A churning sound in the precordial region (also known as the mill-wheel murmur) is consistent with air in the heart chambers. This finding is characteristic of venous air embolism. Other common features of this condition include sudden hypotension, tachycardia, jugular vein distension, signs of respiratory distress, and, in patients who are being mechanically ventilated, a sudden fall in end-tidal carbon dioxide.
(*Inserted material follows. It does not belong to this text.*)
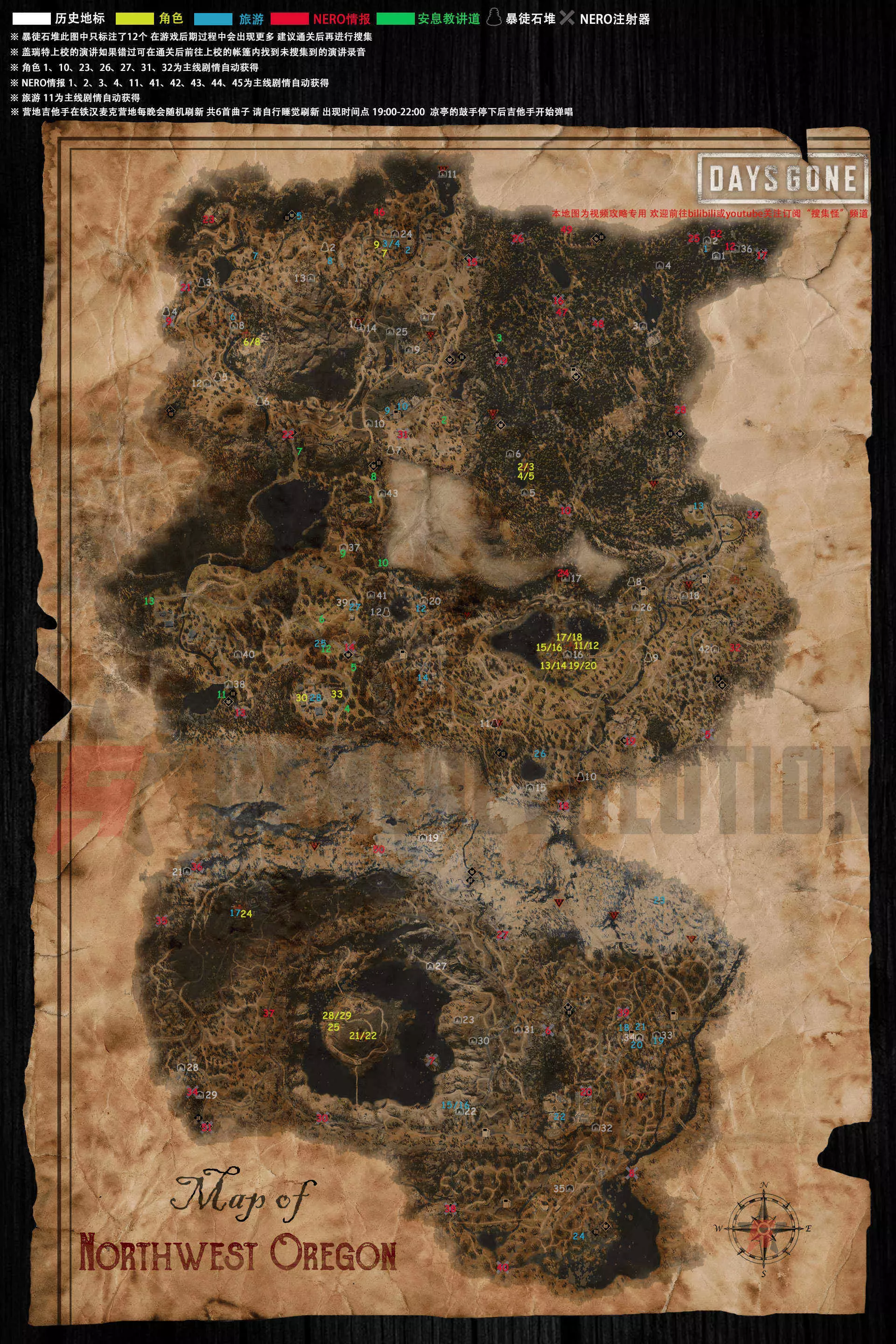 游戏总共有240个收集品,玩家需找到其中180个才能解锁奖杯。收集品分为以下几类: 角色:部分会随着流程推进解锁,部分角色的收集位置就在他们的住处。 NERO情报:绝大部分直接放在NERO检查哨和研究区中,非常明显。 莎拉的实验室纪录:随着流程解锁。 自由奥勒冈电台:随着流程解锁,仅在玩家离开营地骑车时触发。 盖瑞特上校的演说:在故事推进到巫师岛后,会随着流程推进解锁一个支线任务,前往触发即可,可能会错过。 安息教讲道:仅在安息教领地,即艾隆孤峰区域可以找到。靠近时会听到扩音器的声音,顺着声音找到并破坏扩音器即可。旅游:比较隐秘的一类收集品,分布在地图的各个区域,多半会出现在一些旅游景点或者商店当中。 历史地标:这些地标会在玩家靠近或者清理完埋伏营后解锁,由于大部分都在路边,找全并不是什么难事。 草药学:每到一个新区域后看到草就捡。 营地吉他手:在铁汉麦克营地的亭子里,夜晚会有NPC在弹吉他,NPC出现后小地图会出现图标提示。 剧情线成就

Venous air embolism develops when air enters the venous circulation. This can occur during neurosurgical procedures, especially those that require the patient to be in a sitting position. In this position, the negative (subatmospheric) pressure of the cranial veins due to them being at a higher level than the heart can result in air being sucked into the cranial veins. Other causes of venous air embolism include vascular interventions (e.g., insertion or removal of central venous catheters), penetrating lung injuries, and barotrauma. Management procedures depend on the suspected site of embolism and include compression of the suspected entry site, correction of hypoxia and hypotension, and placing the patient in a head-down position (e.g., Trendelenburg position) or in the left lateral decubitus position (Durant maneuver), both of which help trap the air emboli in the right ventricular apex and therefore prevent further obstruction of the pulmonary outflow tract. If the patient remains unstable following these procedures, direct aspiration of air through a central venous catheter may be considered.
Epinephrine and high-dose corticosteroids are indicated in anaphylactic shock, which can manifest with sudden onset tachycardia, hypotension, signs of respiratory distress (e.g., hypoxia, wheezing), and a decrease in end-tidal carbon dioxide. Many agents used in the operating room (e.g., neuromuscular blocking agents, antibiotics) can lead to anaphylaxis. However, jugular vein distension and a mill-wheel murmur are characteristic of venous air embolism, not anaphylactic shock. Although vasopressors can be used in hemodynamically unstable patients with venous air embolism, steroids are not generally recommended.